Link to the internals documentation.
+- :doc:`memory_leaks`
+
Design documents
----------------
diff --git a/devel-docs/memory_leaks.rst b/devel-docs/memory_leaks.rst
new file mode 100644
index 000000000..5e186a198
--- /dev/null
+++ b/devel-docs/memory_leaks.rst
@@ -0,0 +1,177 @@
+Memory leaks in librsvg
+=======================
+
+If you run Valgrind or another memory checker on a program that uses librsvg, or
+``rsvg-convert``, you may get false positives. This chapter explains why these occur by
+giving some examples of false positives from Valgrind.
+
+Note that there may be real memory leaks, and they should be fixed! This chapter just
+explains why not everything that is reported as a memory leak is in fact a leak.
+
+Example: false leak in fontconfig's code for ``FcPattern``
+----------------------------------------------------------
+
+.. code-block::
+
+ $ valgrind --leak-check=full --track-origins=yes rsvg-convert -o foo.png foo.svg
+
+ ==5712== 5,378 (512 direct, 4,866 indirect) bytes in 1 blocks are definitely lost in loss record 1,463 of
1,487
+ ==5712== at 0x484D82F: realloc (in /usr/libexec/valgrind/vgpreload_memcheck-amd64-linux.so)
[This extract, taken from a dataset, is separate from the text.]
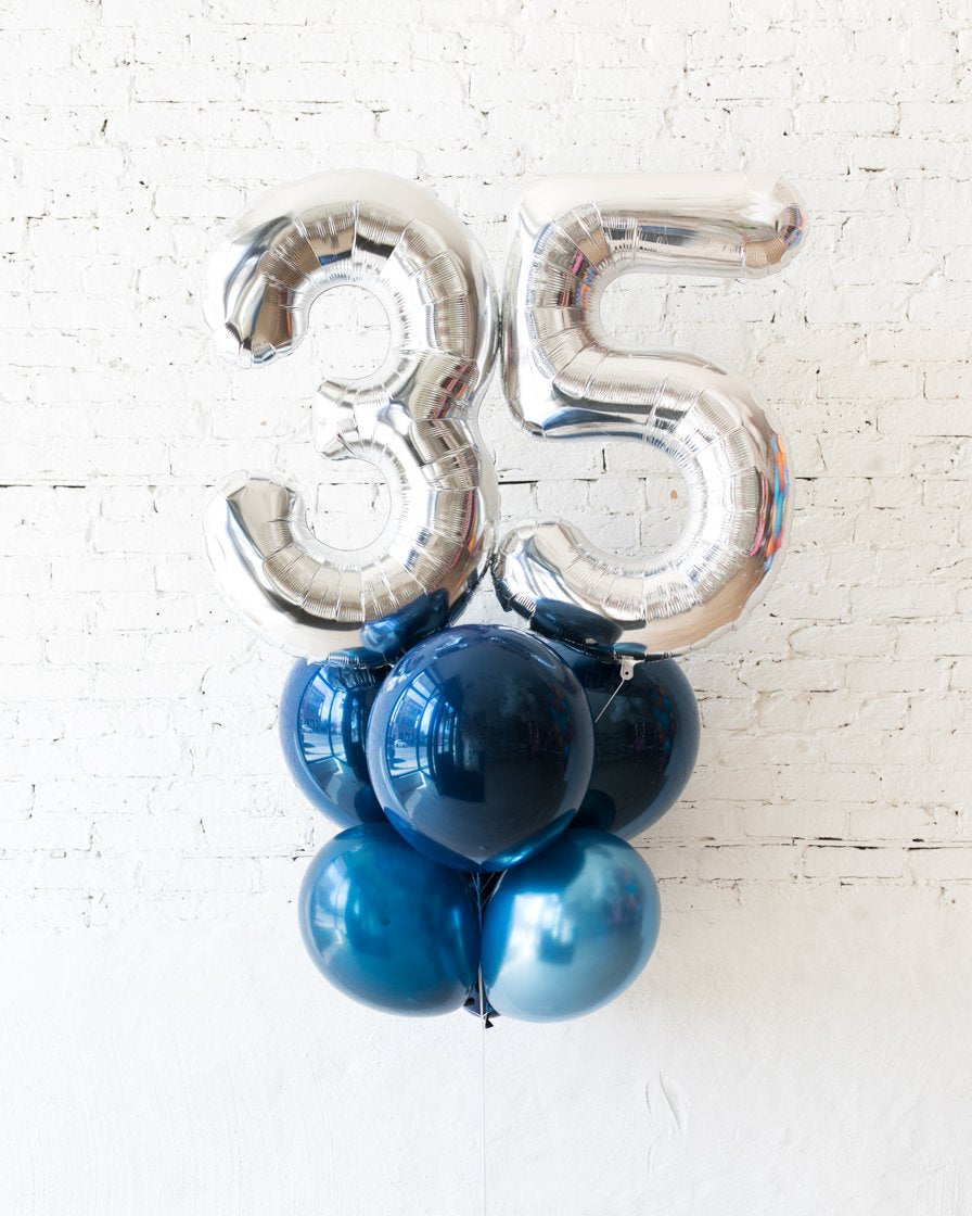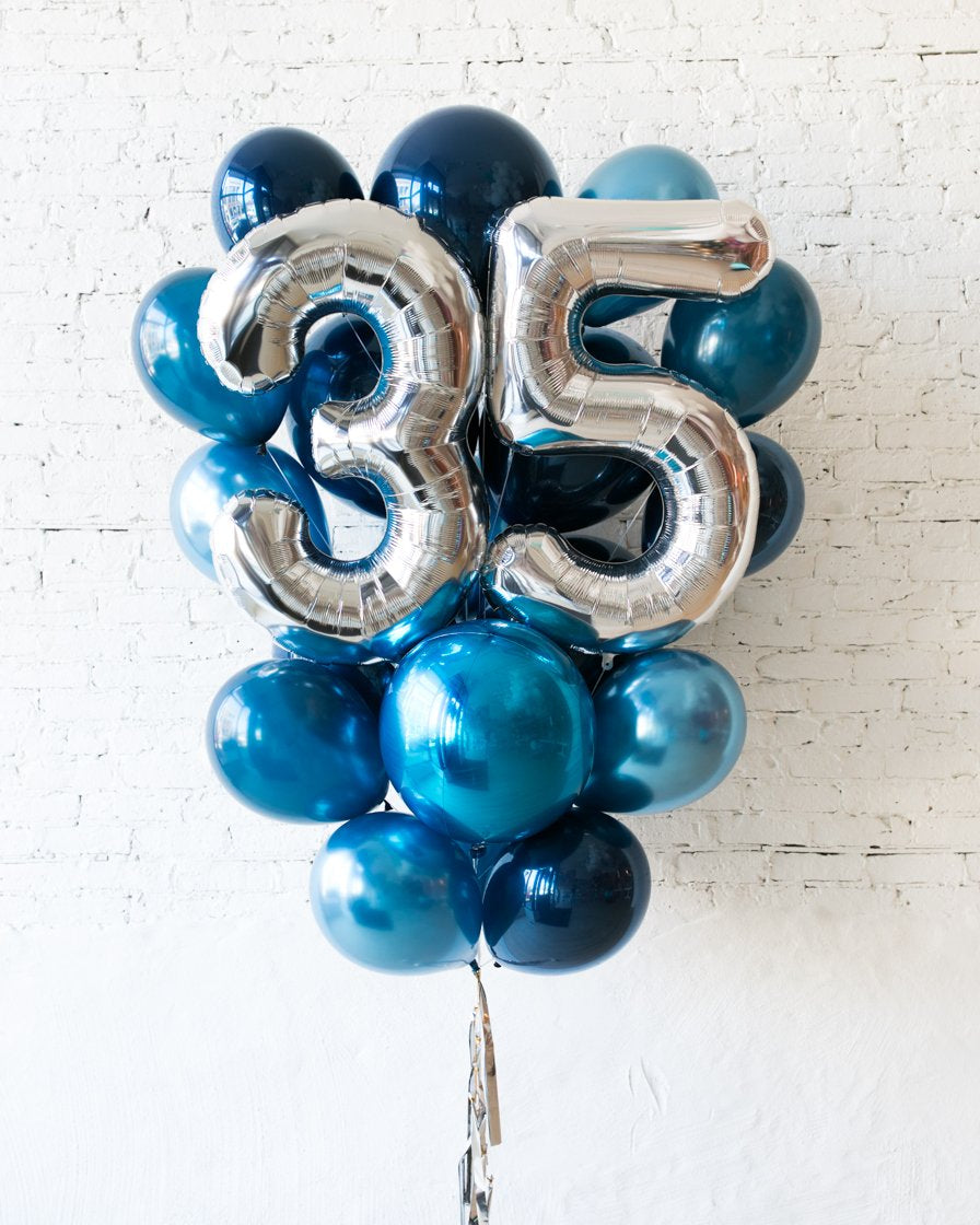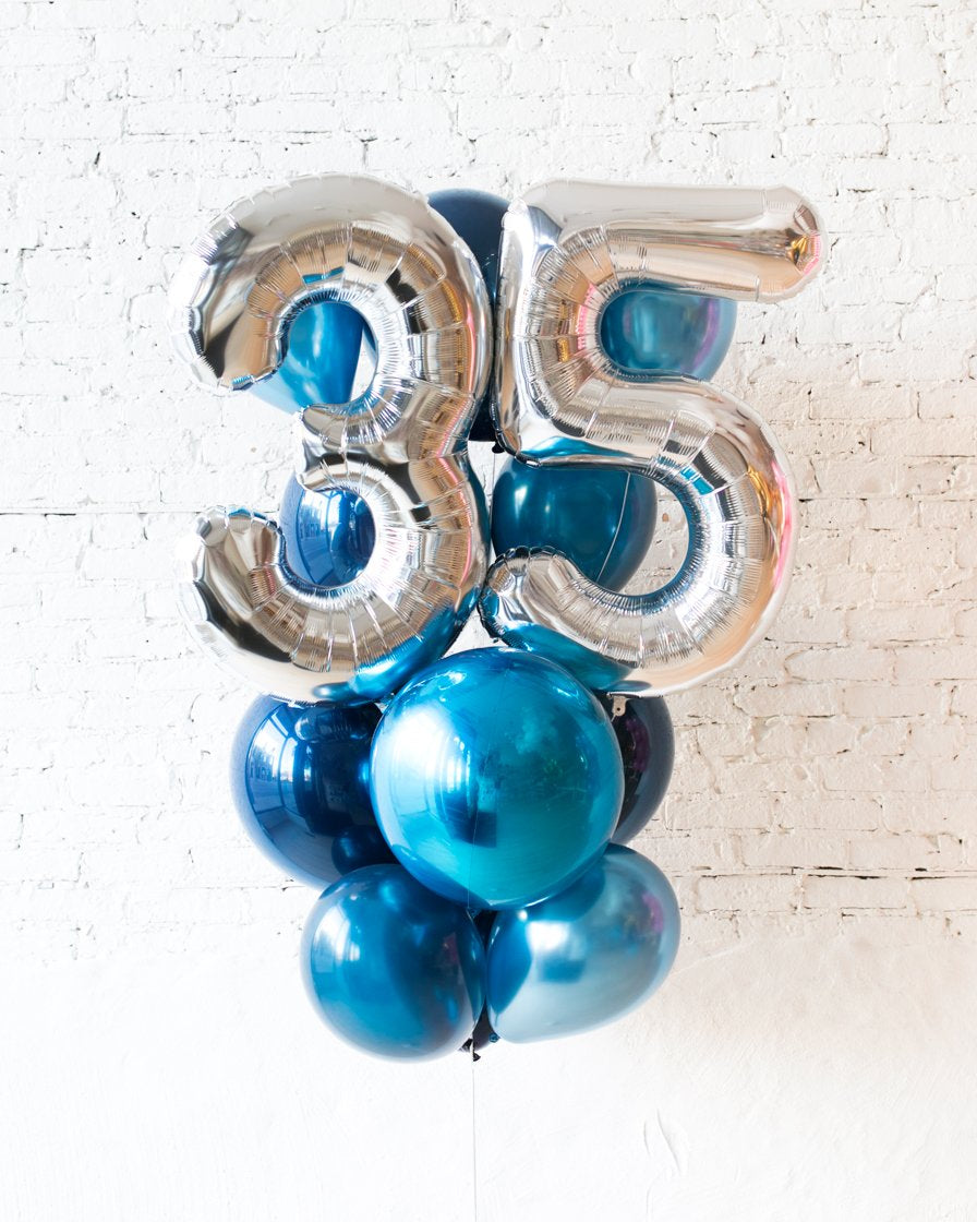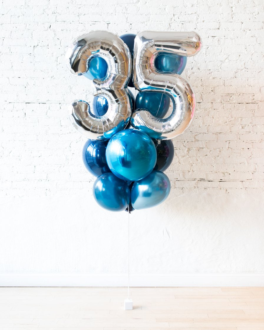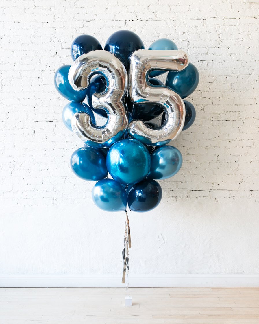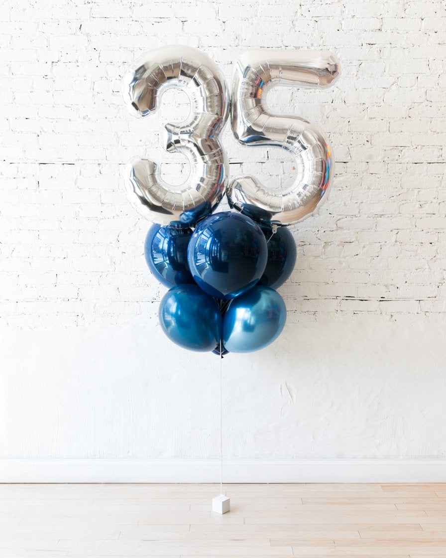 GIFT-Blue Palette Foil Number and Latex Balloon Bouquet

+ ==5712== by 0x5577D88: FcPatternObjectInsertElt (fcpat.c:516)
+ ==5712== by 0x557BE08: FcPatternObjectAddWithBinding (fcpat.c:711)
+ ==5712== by 0x557315F: UnknownInlinedFun (fcpat.c:738)
+ ==5712== by 0x557315F: UnknownInlinedFun (fcpat.c:884)
+ ==5712== by 0x557315F: FcDefaultSubstitute (fcdefault.c:257)
+ ==5712== by 0x544E15D: UnknownInlinedFun (pangofc-fontmap.c:2066)
+ ==5712== by 0x544E15D: UnknownInlinedFun (pangofc-fontmap.c:2143)
+ ==5712== by 0x544E15D: pango_fc_font_map_load_fontset (pangofc-fontmap.c:2245)
+ ==5712== by 0x4D74FBC: UnknownInlinedFun (itemize.c:892)
+ ==5712== by 0x4D74FBC: UnknownInlinedFun (itemize.c:952)
+ ==5712== by 0x4D74FBC: pango_itemize_with_font (itemize.c:1564)
+ ==5712== by 0x4D880D1: pango_layout_check_lines.part.0.lto_priv.0 (pango-layout.c:4894)
+ ==5712== by 0x4D7D58D: UnknownInlinedFun (pango-layout.c:4786)
+ ==5712== by 0x4D7D58D: pango_layout_get_extents_internal.lto_priv.0 (pango-layout.c:2925)
+ ==5712== by 0x4D7D735: pango_layout_get_size (pango-layout.c:3166)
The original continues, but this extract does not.